● **What to work on**
Copy out each line of the data below in which the string "This" appears.

● **Record extracts**
- Opening Delimiter -

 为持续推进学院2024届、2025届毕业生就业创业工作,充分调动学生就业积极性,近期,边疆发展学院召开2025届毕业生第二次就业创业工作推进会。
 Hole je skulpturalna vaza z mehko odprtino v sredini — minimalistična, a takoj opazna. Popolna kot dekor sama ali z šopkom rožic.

- Closing Delimiter -
- Opening Delimiter -

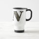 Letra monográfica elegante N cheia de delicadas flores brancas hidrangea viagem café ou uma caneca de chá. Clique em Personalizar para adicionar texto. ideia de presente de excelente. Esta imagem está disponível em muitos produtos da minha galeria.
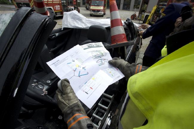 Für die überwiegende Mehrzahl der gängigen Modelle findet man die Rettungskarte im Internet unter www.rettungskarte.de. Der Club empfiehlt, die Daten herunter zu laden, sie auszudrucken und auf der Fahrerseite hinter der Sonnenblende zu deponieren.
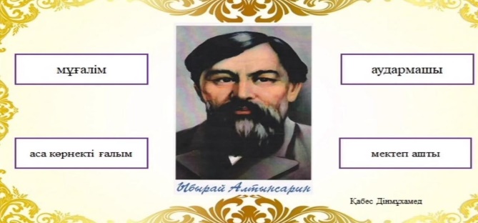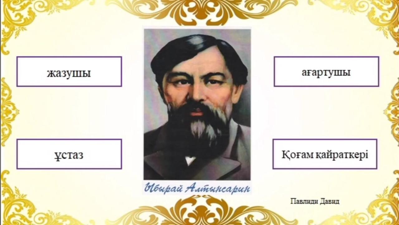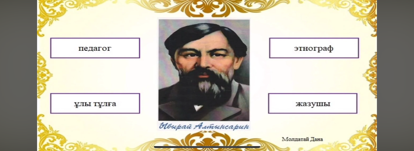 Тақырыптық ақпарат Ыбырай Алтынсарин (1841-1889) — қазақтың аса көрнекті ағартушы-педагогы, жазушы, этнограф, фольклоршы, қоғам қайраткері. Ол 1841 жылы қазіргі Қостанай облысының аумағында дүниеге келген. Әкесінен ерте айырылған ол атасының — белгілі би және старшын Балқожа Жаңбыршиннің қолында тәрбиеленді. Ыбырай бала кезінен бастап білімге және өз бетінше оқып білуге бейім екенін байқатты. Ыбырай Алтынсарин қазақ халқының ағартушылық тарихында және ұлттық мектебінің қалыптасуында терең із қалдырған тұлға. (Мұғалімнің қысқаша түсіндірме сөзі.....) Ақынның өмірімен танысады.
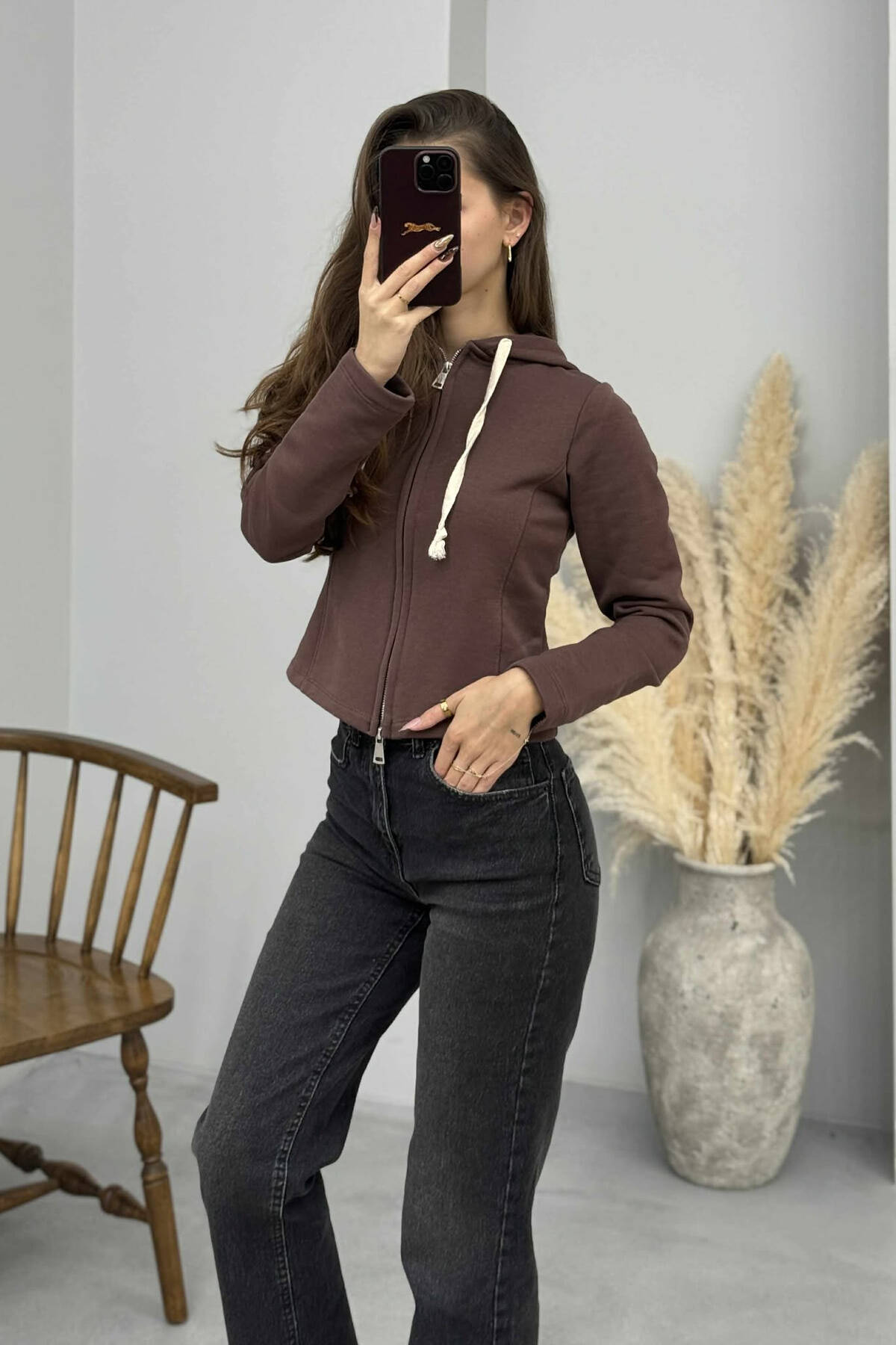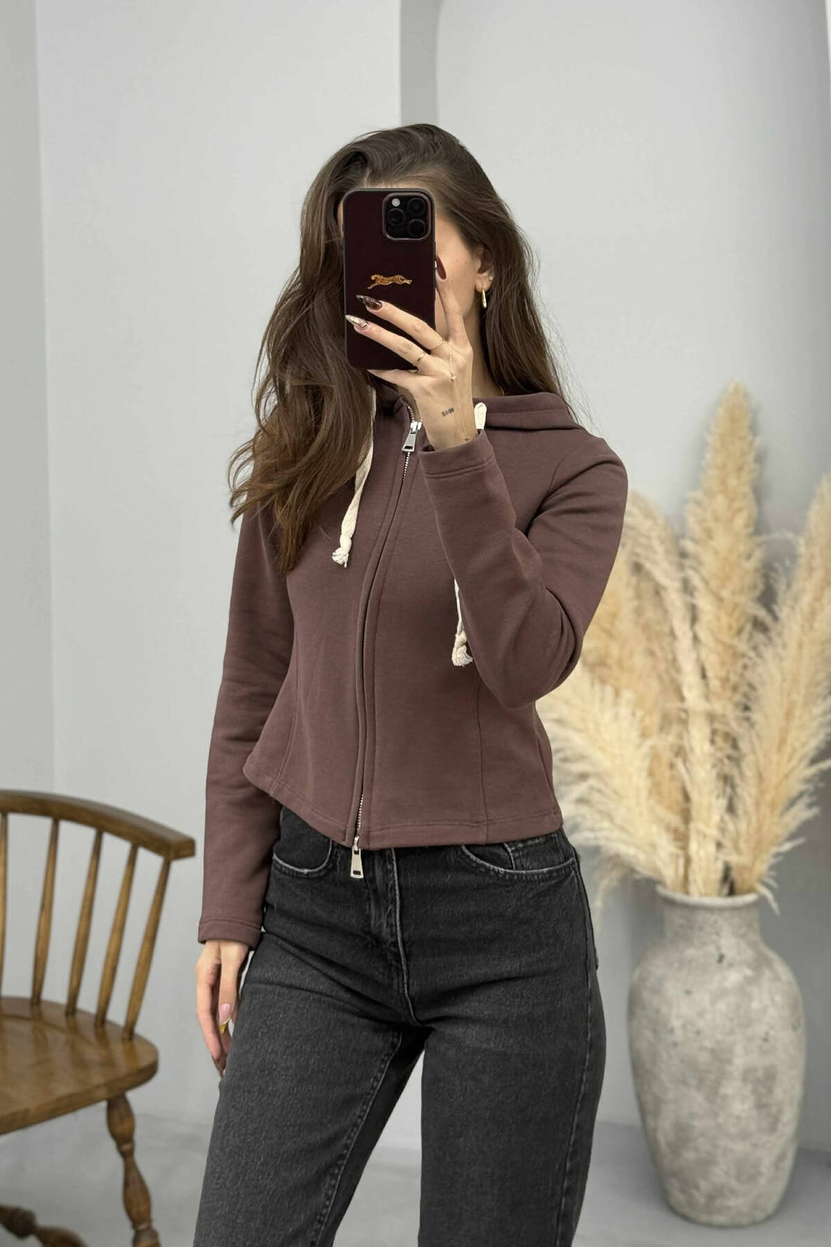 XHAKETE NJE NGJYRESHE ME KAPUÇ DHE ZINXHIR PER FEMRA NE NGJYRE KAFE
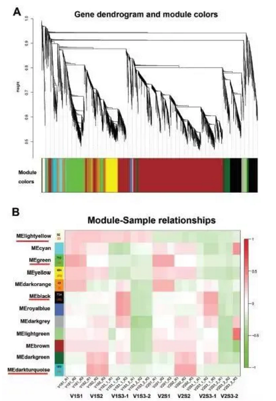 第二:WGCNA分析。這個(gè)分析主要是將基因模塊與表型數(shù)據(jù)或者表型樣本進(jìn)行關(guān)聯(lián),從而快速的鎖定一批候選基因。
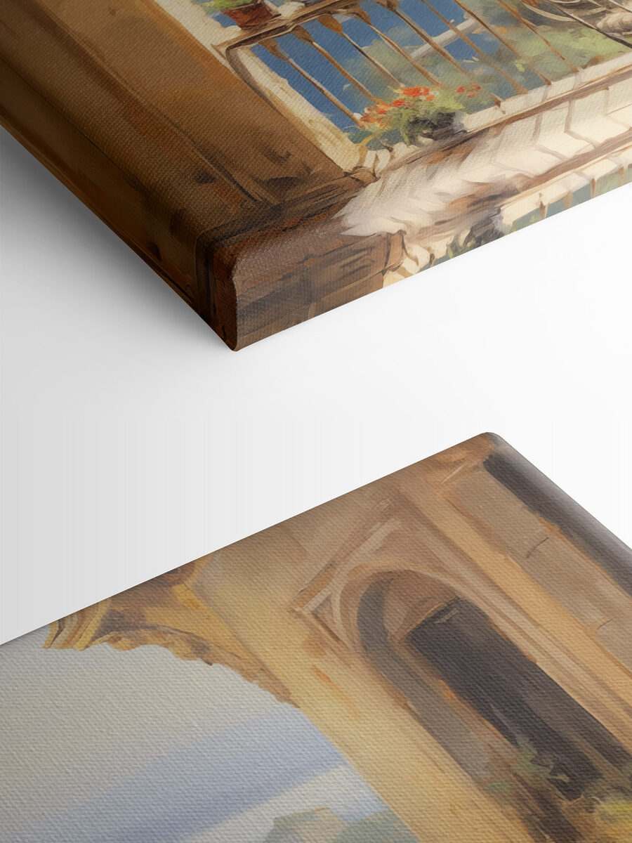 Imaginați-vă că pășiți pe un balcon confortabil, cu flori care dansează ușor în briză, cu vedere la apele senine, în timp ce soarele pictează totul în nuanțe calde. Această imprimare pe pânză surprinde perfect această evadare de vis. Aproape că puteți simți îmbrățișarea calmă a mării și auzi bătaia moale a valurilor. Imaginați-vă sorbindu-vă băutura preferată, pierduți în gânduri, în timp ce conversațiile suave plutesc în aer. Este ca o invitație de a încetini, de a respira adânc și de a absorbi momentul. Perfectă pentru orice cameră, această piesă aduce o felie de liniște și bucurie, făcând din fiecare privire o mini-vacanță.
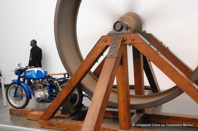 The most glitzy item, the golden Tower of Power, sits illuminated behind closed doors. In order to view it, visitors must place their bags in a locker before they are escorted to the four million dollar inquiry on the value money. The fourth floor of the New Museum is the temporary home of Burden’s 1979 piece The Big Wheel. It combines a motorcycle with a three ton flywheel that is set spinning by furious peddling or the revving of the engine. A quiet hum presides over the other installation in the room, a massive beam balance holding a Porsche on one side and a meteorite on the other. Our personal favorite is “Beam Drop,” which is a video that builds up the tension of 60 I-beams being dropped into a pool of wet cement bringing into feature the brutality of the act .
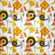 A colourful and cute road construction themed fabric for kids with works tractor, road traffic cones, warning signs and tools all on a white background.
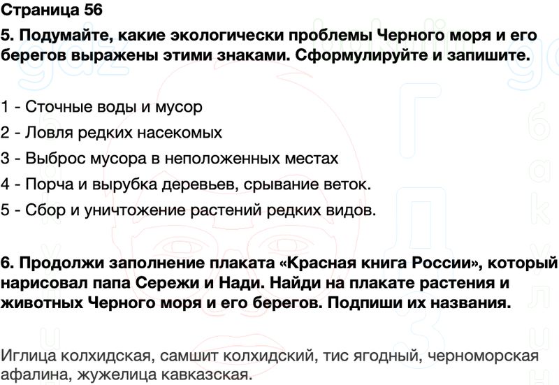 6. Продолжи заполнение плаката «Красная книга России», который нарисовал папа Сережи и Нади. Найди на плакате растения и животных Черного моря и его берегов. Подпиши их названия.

- Closing Delimiter -
- Opening Delimiter -

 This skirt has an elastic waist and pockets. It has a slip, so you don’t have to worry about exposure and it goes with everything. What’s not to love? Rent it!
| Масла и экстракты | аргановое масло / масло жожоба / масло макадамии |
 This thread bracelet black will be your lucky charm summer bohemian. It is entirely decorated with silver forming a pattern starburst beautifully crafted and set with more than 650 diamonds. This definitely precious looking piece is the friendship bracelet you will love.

- Closing Delimiter -

● **Expected answer**
 This skirt has an elastic waist and pockets. It has a slip, so you don’t have to worry about exposure and it goes with everything. What’s not to love? Rent it!
 This thread bracelet black will be your lucky charm summer bohemian. It is entirely decorated with silver forming a pattern starburst beautifully crafted and set with more than 650 diamonds. This definitely precious looking piece is the friendship bracelet you will love.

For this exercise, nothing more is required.